One of the latest gem scams is a ruby ruse:
camouflaging synthetic ruby so it passes as natural.
Synthesizing ruby — that is, creating it in a lab — is nothing new. The process has been around since it was developed by August Verneuil in 1902. The jewelry industry welcomed the synthetic gems, not only because they were less expensive but also because their size could be controlled.
For example, Art Deco jewelry of the 1920s and '30s often displayed a row of rubies of similar size. Since natural rubies of similar size would be hard to find in quantity, synthetic gems were often mixed with natural ones. The purchaser understood this was the case. (Today's heirs and antique collectors are often surprised when they have period jewelry appraised! However, trained estate appraisers expect some synthetic stones and their presence helps date the jewelry.) The point is, there’s a place for synthetic gems, even in fine jewelry.
Recently, however, the Gemological Institute of America (GIA) has reported finding significant amounts of synthetic ruby salting batches of natural ruby sold to gem dealers.
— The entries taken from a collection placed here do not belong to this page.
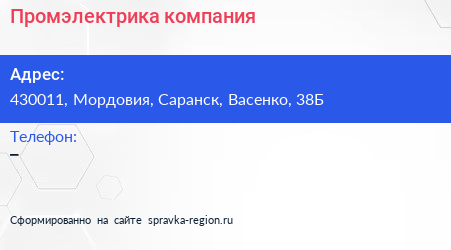 Промэлектрика, компания по адресу 430011, Мордовия, Саранск, Васенко, 38Б в дальнейшем Организация, размещена в следующих категориях:
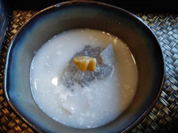トムヤムスープのタイラーメンは、海老、ネギ、タケノコ、もやし、香草などが入っており、辛味と酸味がちょうど良く美味しかったです。また、辛さは1~3で選択できるようです。今回は2を選択しました。麺はラーメンといってもフォーでした。 デザートは、ココナッツミルクにタピオカと芋とコーンを入れた物でした。味は普通でした。
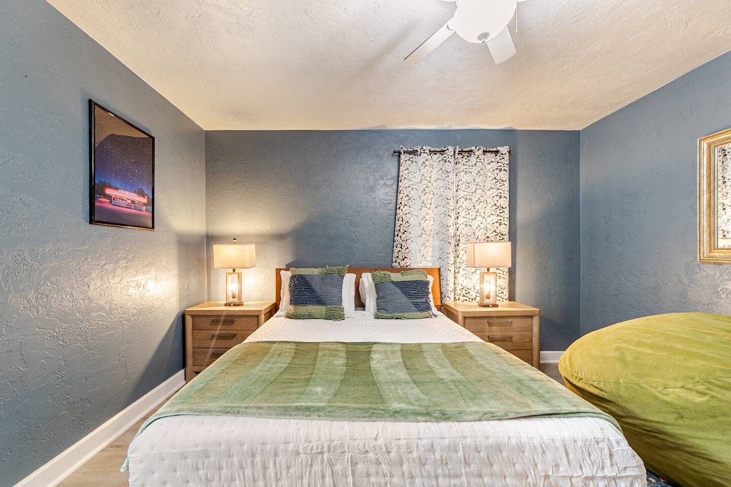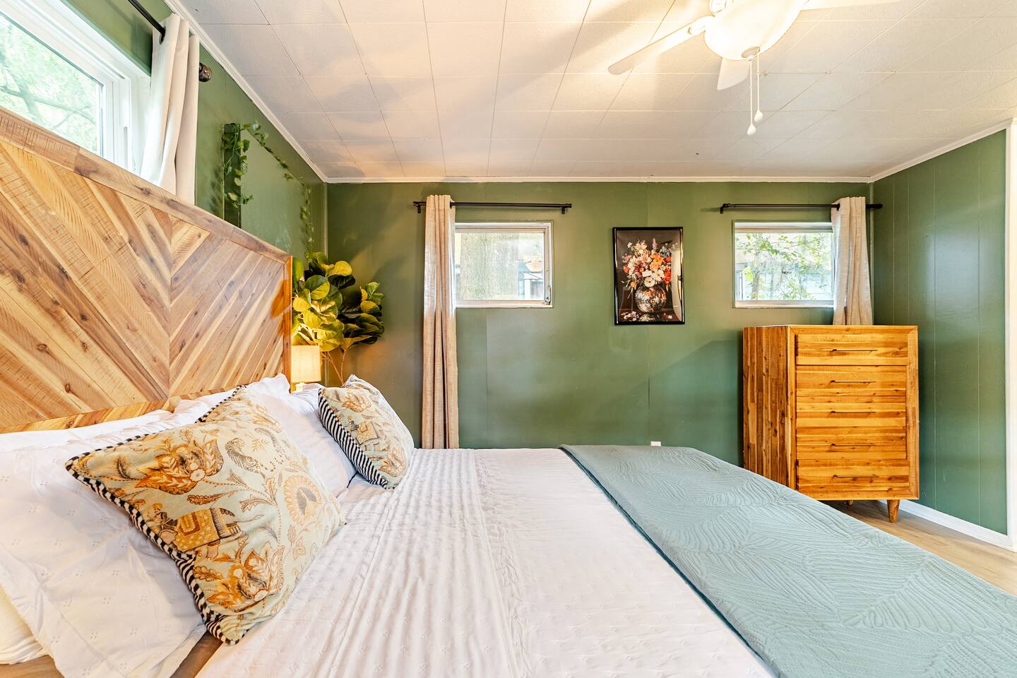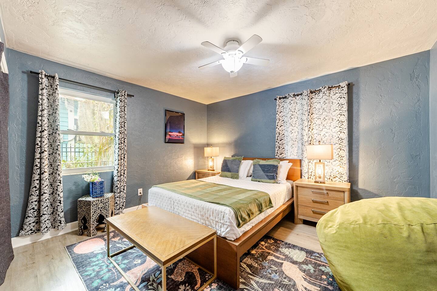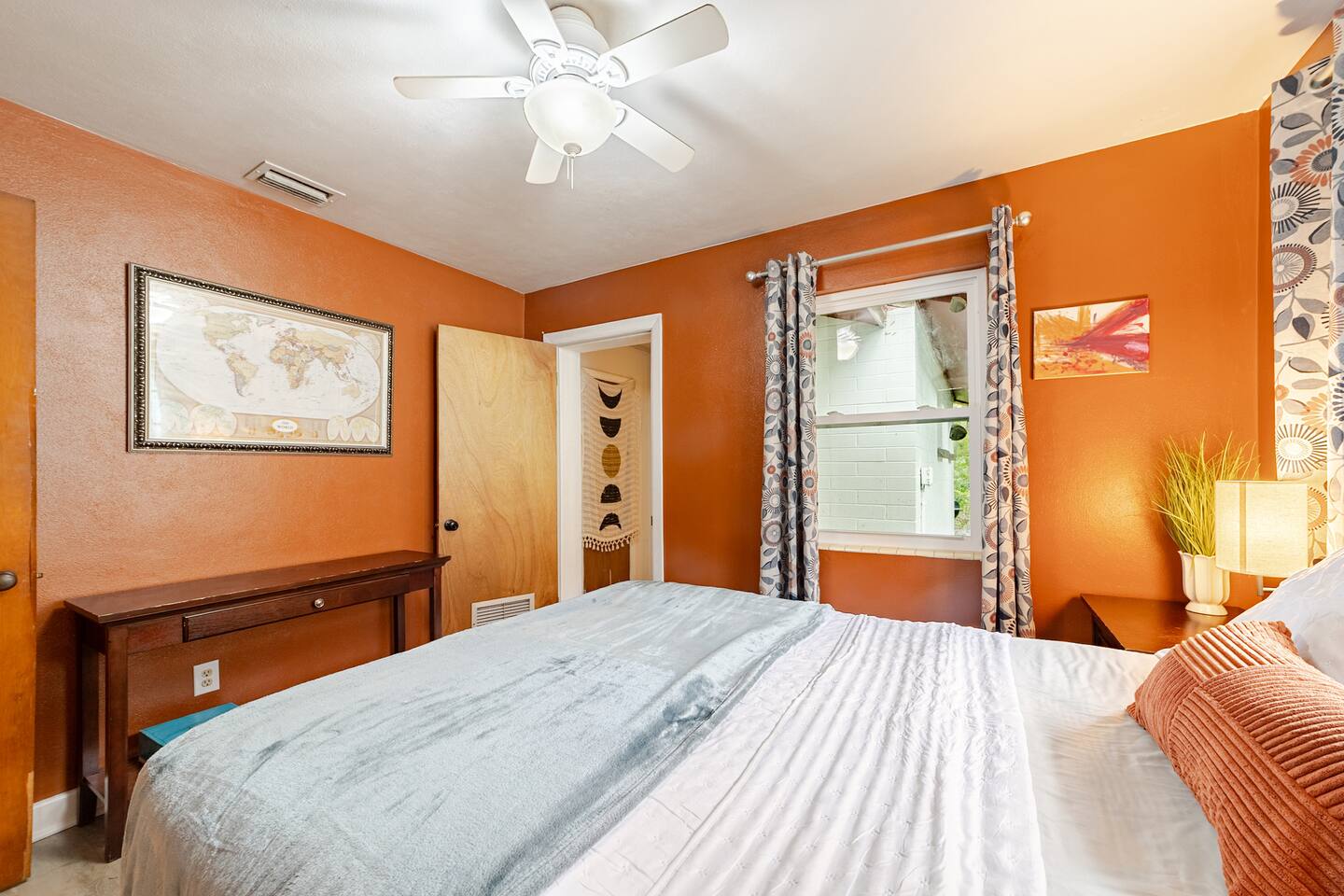To reach the master suite, you’ll either walk through the red/orange bedroom or use its private backyard entrance. The green room includes a futon for extra sleeping space and also has the laundry area.

The synthetic gems were cleverly altered to look like natural, heat-treated ruby.
Natural ruby that contains slight fractures is often heated with fluxing agents to induce healing along the fractures. In this new scam, synthetic ruby produced by the Verneuil method is deliberately crackled, then heated with the same fluxing agents used on natural gems. Suppliers mix this synthetic gem material in with batches of natural heat-treated ruby, in hopes that it will just get lost in the shuffle.
No doubt much of it does. A gemologist can readily detect synthetic ruby by examination with a loupe or microscope, but many retailers — actually, most retailers — are not trained gemologists. So a seller may, either knowingly or unwittingly, purchase synthetic rubies and pass them on to the consumer as natural gems.
FOR AGENTS & UNDERWRITERS
Synthetic ruby is worth considerably less than natural (mined) ruby, so the distinction is important to both consumer and insurer.
The best defense against scams, or retailer incompetence, is the insurance industry’s standard Jewelry Appraisal JISO 78/79 (formerly ACORD 78/79), prepared by a Graduate Gemologist who is also a Certified Insurance Appraiser™. The gemologist examines the jewelry in a gem lab, using all necessary equipment, to determine the quality of the jewelry. The appraisal gives a detailed description, states whether the gem is natural or synthetic, and lists any gem treatments. This information will prove crucial in the event of a claim.
Natural gems of quality become more difficult to find as sources are mined out, leaving the market more open to synthetic gems of all kinds to fill the demand. The importance of having jewelry inspected by trained and knowledgeable appraisers cannot be overstated.
Examine the appraisal for terms such as synthetic, created, cultured, lab-made, and Verneuil, all of which indicate the ruby is not natural and should not be priced as a natural gem.
In replacing a gem of high value, never assume that the stone is natural simply because the appraisal doesn’t mention synthetic. Use every means possible to determine whether it's natural or synthetic.
Even natural rubies can vary dramatically in value depending on whether they have been treated. See the December 2004 issue for a discussion of ruby treatments.
Always have damaged stones examined by a trained gemologist using appropriate gem lab equipment. For rubies, and all colored gems, be sure to consult a jeweler who regularly deals with colored gemstones. The jeweler should be a Graduate Gemologist and a Certified Insurance Appraiser™. You should receive from the examining gemologist a complete appraisal, on JISO 78/79 (formerly ACORD 78/79), describing the current condition of the jewelry and its value.
A complete appraisal on damaged jewelry not only verifies the qualities of
the piece (which you can compare with information on file), it also assesses
the damage. Occasionally such an inspection reveals a lack of damage, as when
a stone suffers normal wear and tear or shows inherent vice, resulting in
damage for which the insurer is not responsible.